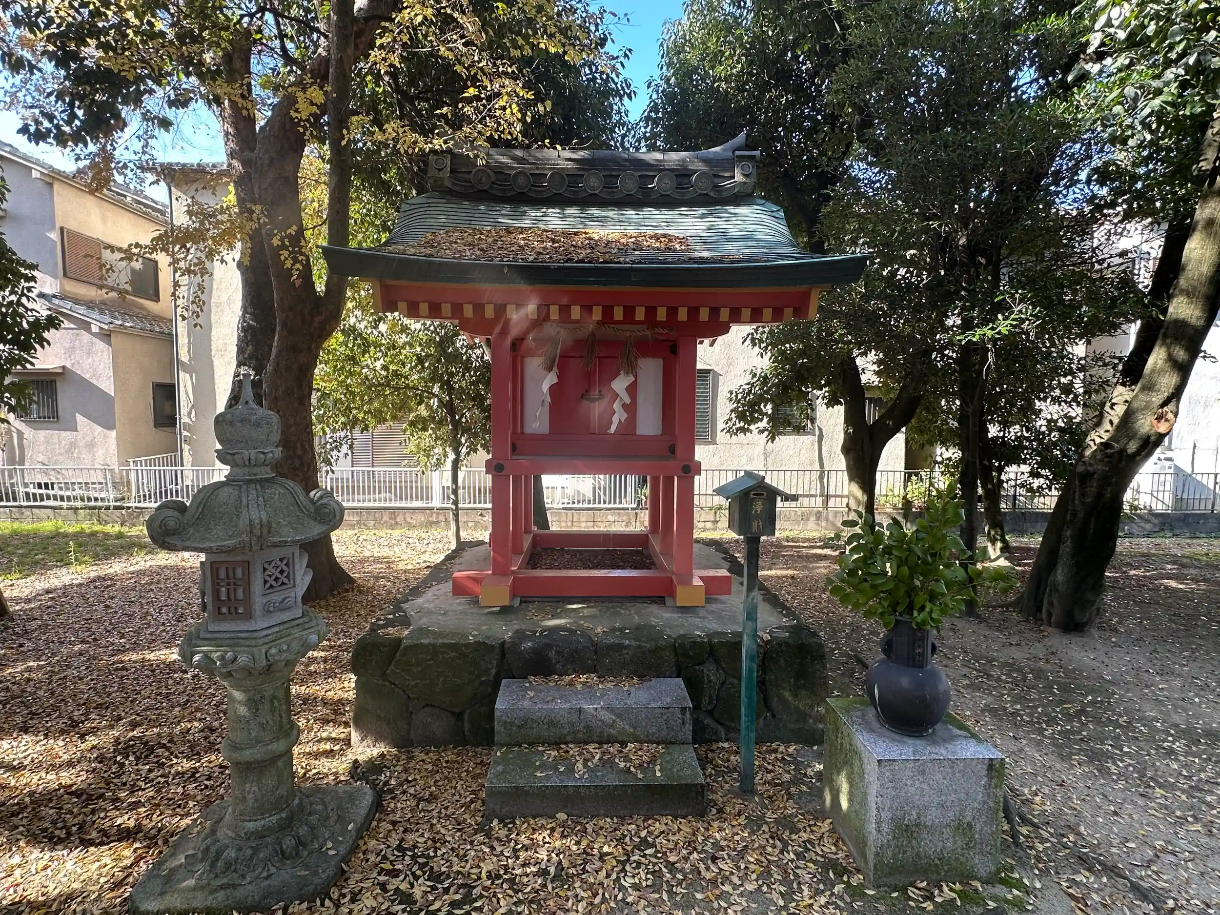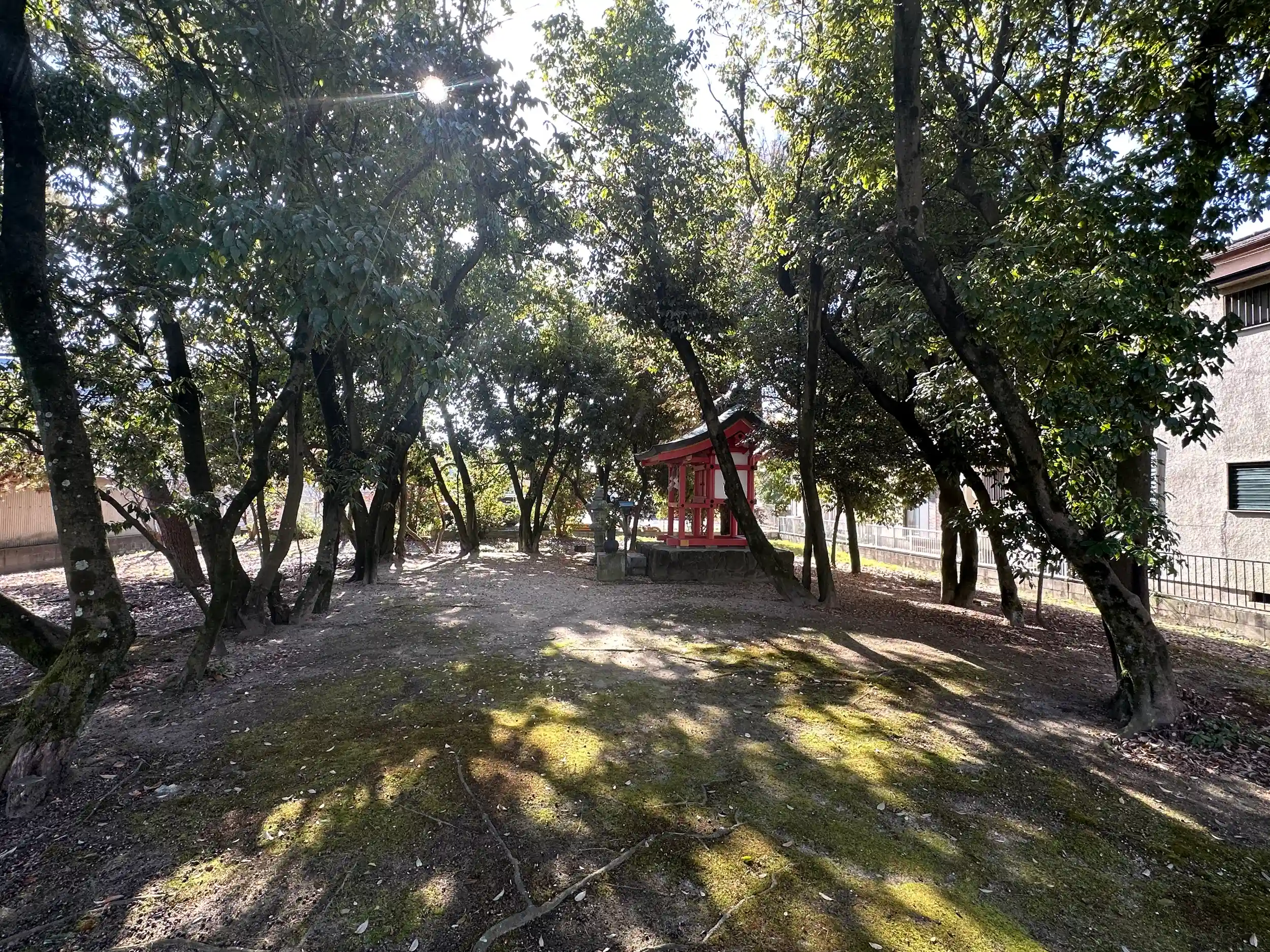 向かいの「辰市神社」を創建した人物とされる中臣時風(なかとみのときふう)・中臣秀行(ひでつら)を祀っています。 鳥居はありません 一見公園のように感じます
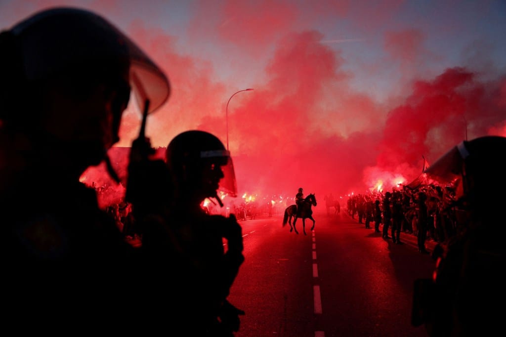 2024年3月13日,西班牙马德里,大都会球场,欧洲冠军联赛16强第二回合,马德里体育会对阵国际米兰的赛事开始前,警察在球场外骑马巡逻。摄:Violeta Santos Moura/Reuters/达志影像
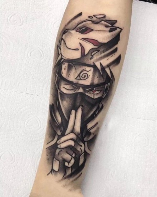 手臂上的火影忍者鸣人佐助卡卡西等角色动漫纹身图案
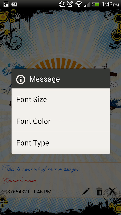 Personalize SMS will show whole text message content when you receive a text message. Personalize SMS can let you edit font size, font color and font type of text message content, contact's name, phone number.
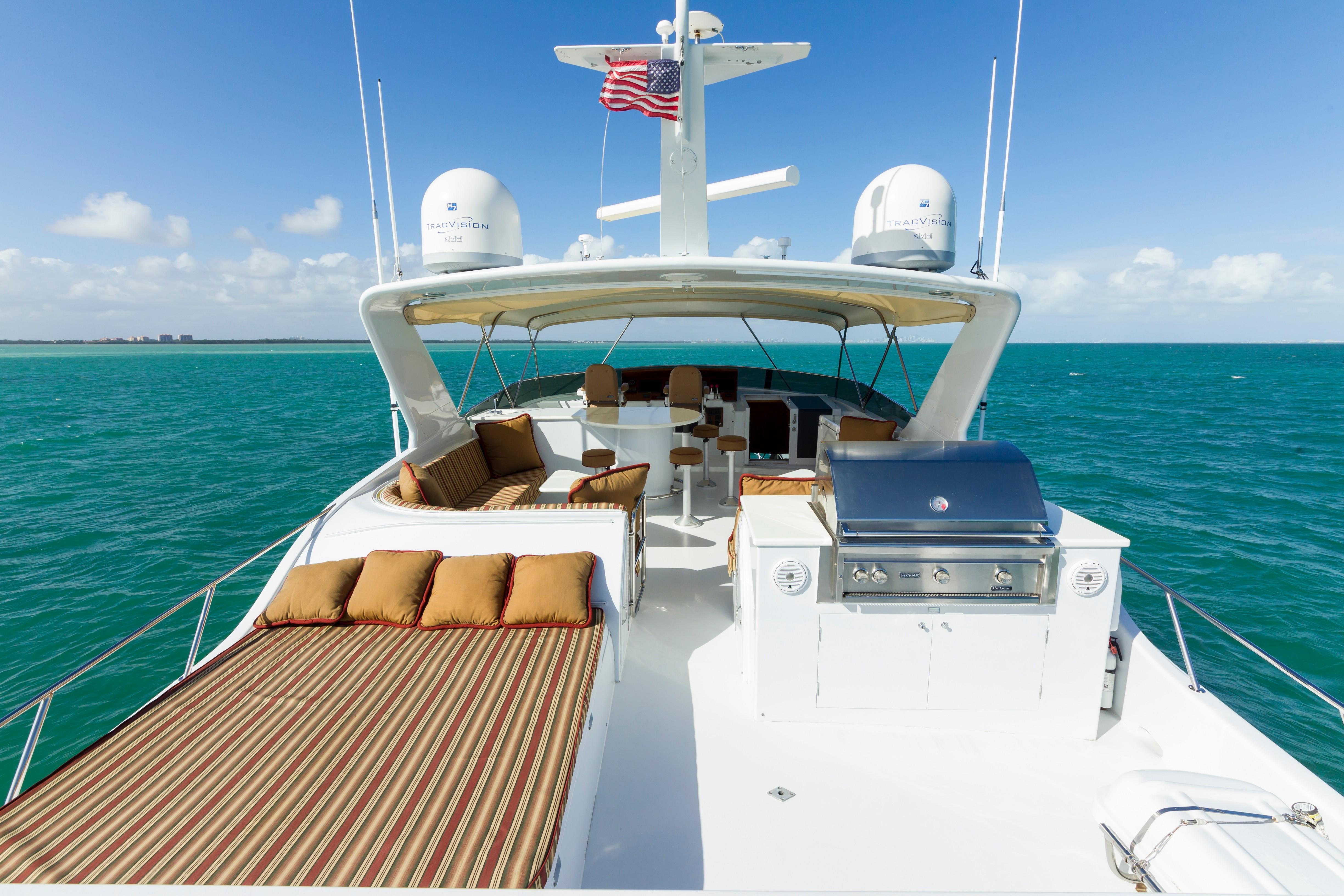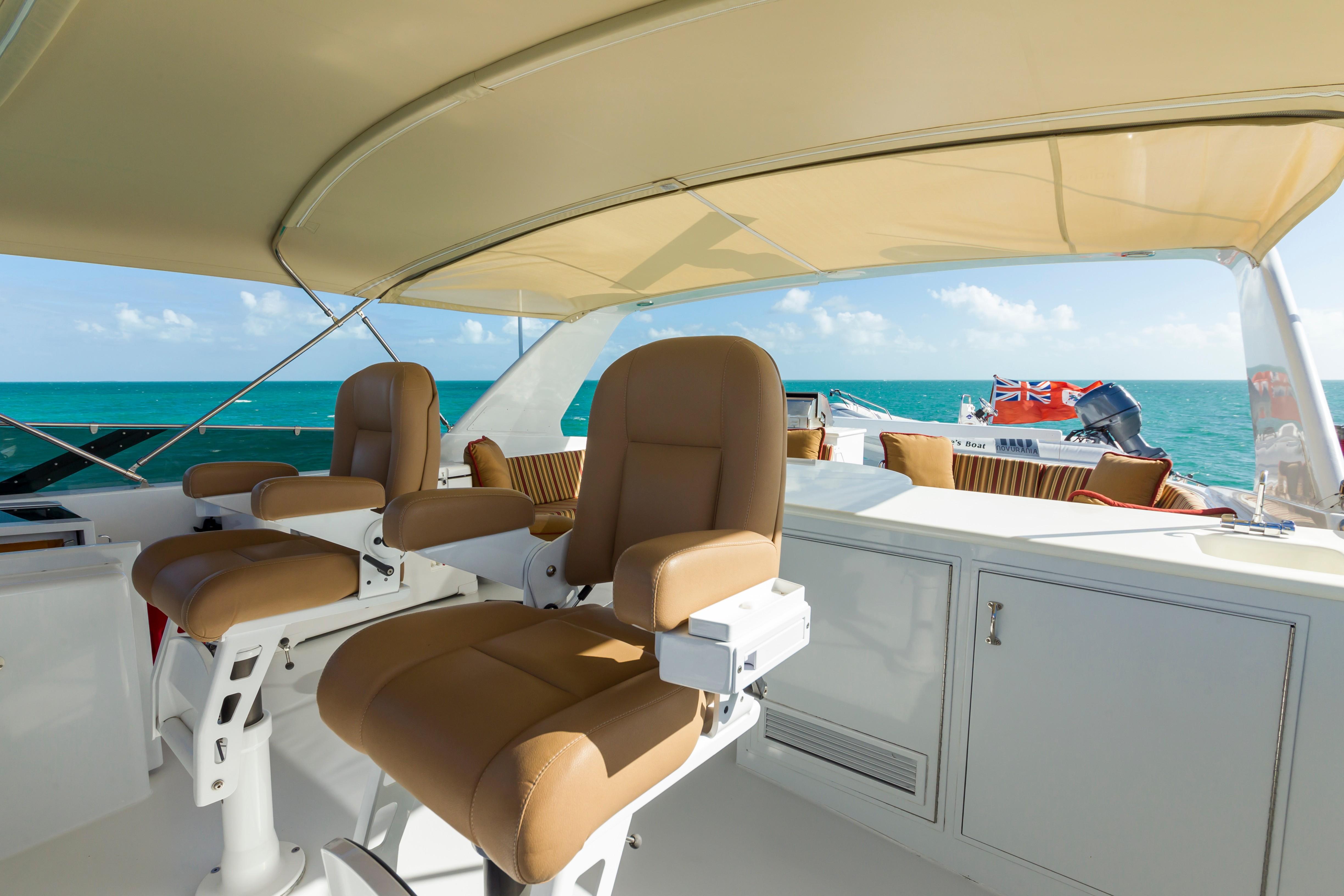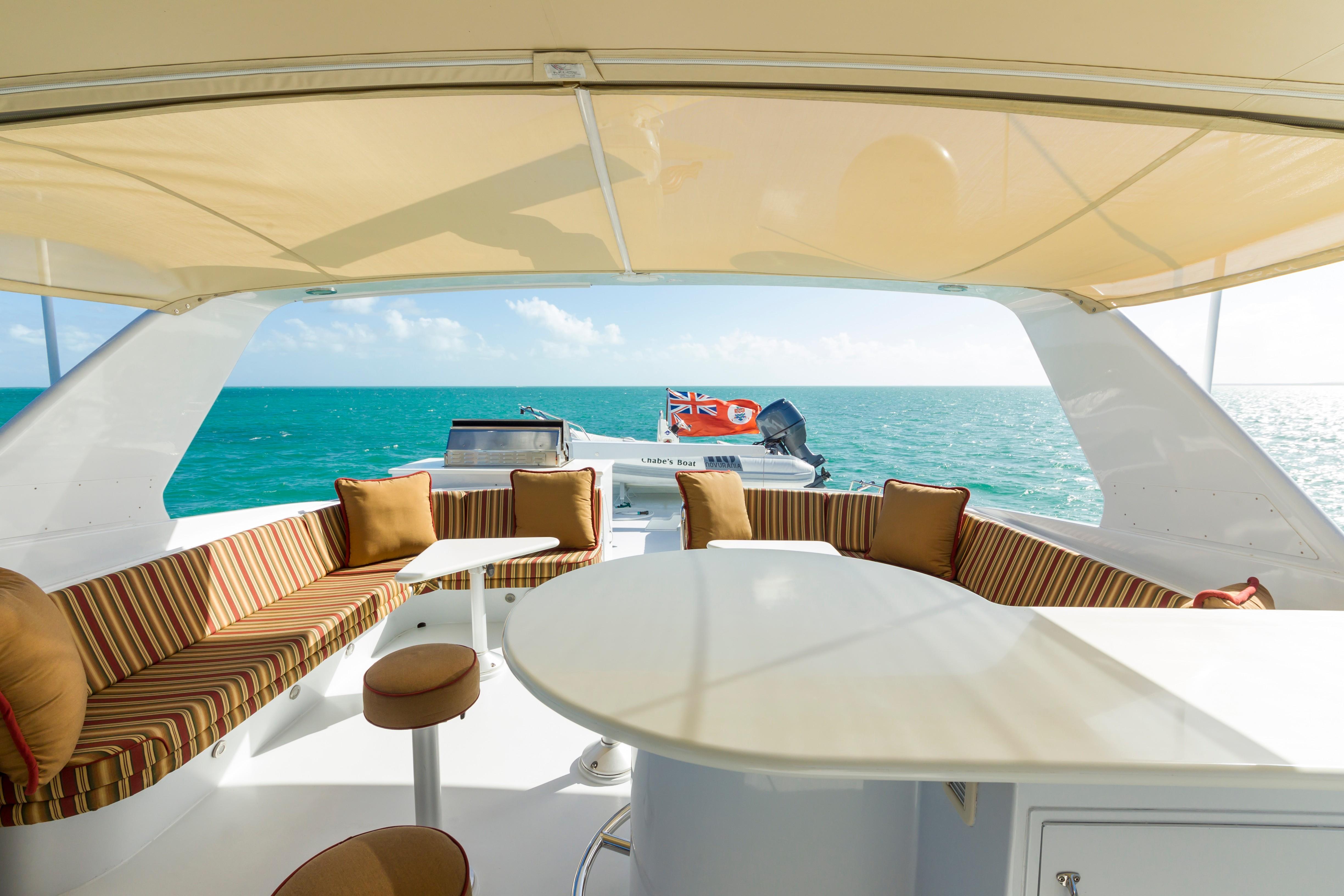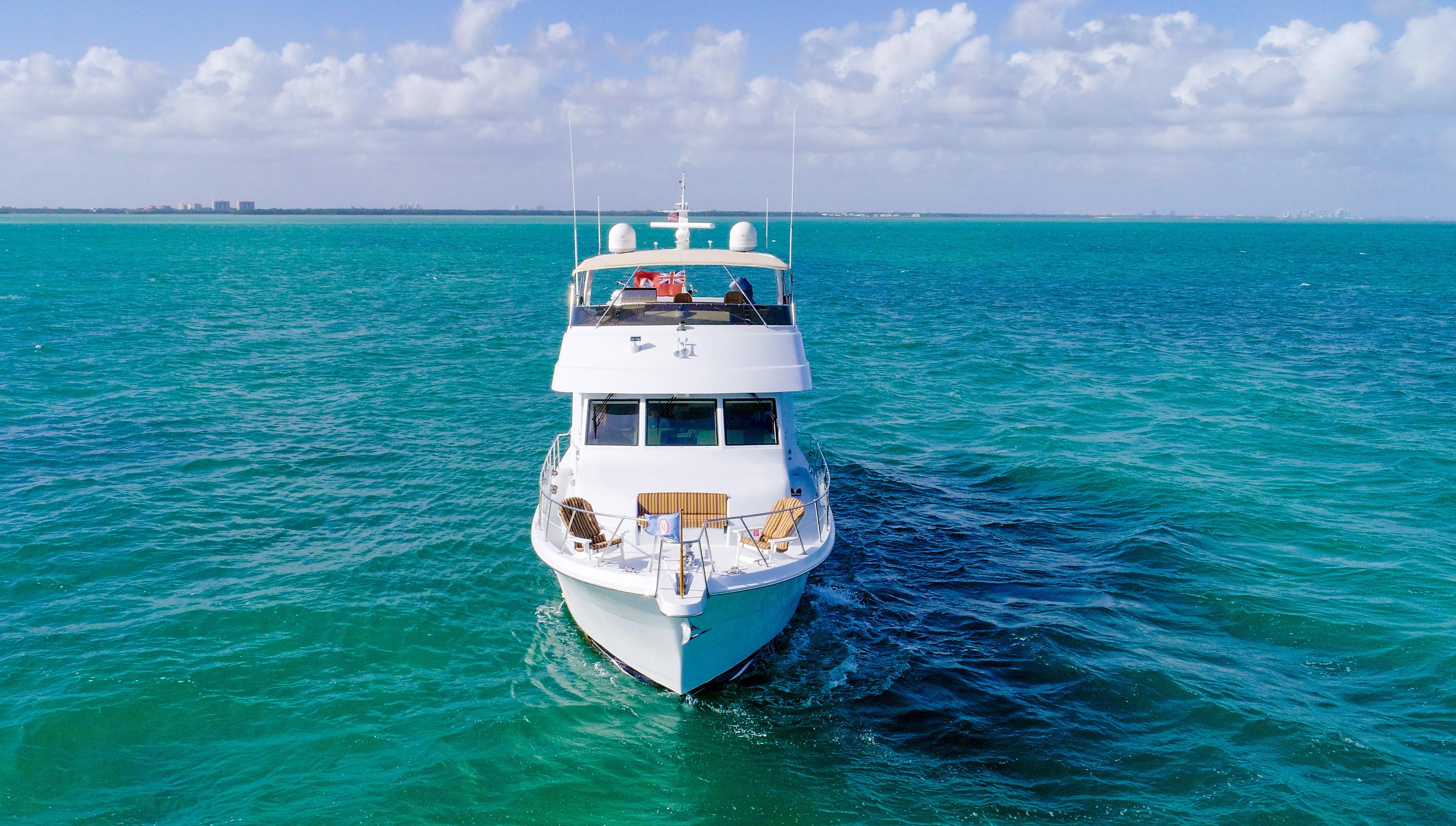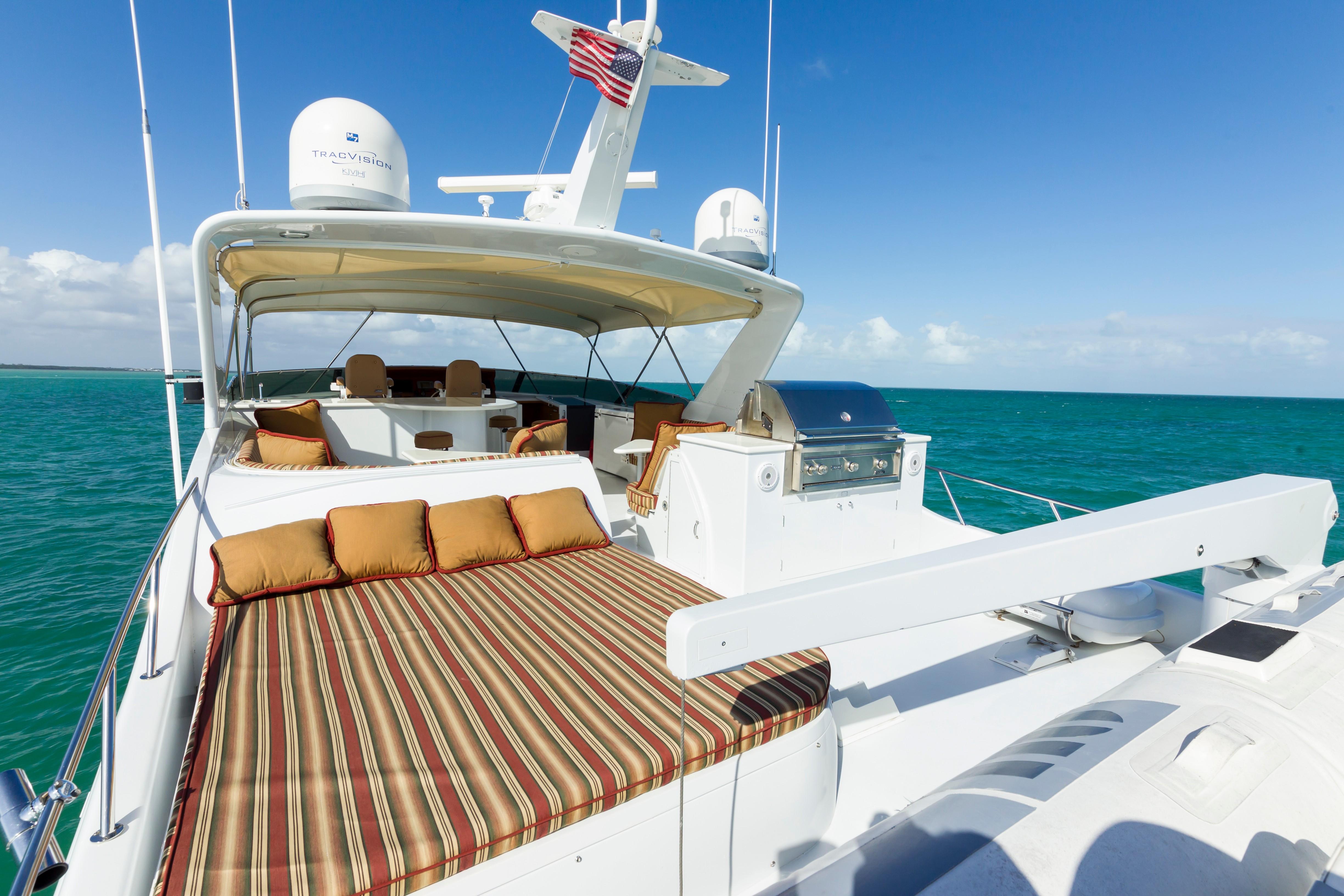 She features a 4 stateroom/4 head layout with a warm cherry wood interior. The master stateroom is aft with his and her heads. She is fully equipped with a Novurania tender with Yamaha 40 HP, spacious flybridge with key bar, custom built-in Lynx stainless steel grill, twin Onan 27.5KW generators, Naiad Multi-Sea 2000 stabilizers & complete electronics package. Powered by Caterpillars 3412E.

== INSTRUCTIONS TO FOLLOW ==
Retype the lines from the one containing "Personalize SMS will" down to the last line of the records, both included, exactly and nothing more. Pictures stay out.

== SOLUTION TO THIS EXERCISE ==
 Personalize SMS will show whole text message content when you receive a text message. Personalize SMS can let you edit font size, font color and font type of text message content, contact's name, phone number.
 She features a 4 stateroom/4 head layout with a warm cherry wood interior. The master stateroom is aft with his and her heads. She is fully equipped with a Novurania tender with Yamaha 40 HP, spacious flybridge with key bar, custom built-in Lynx stainless steel grill, twin Onan 27.5KW generators, Naiad Multi-Sea 2000 stabilizers & complete electronics package. Powered by Caterpillars 3412E.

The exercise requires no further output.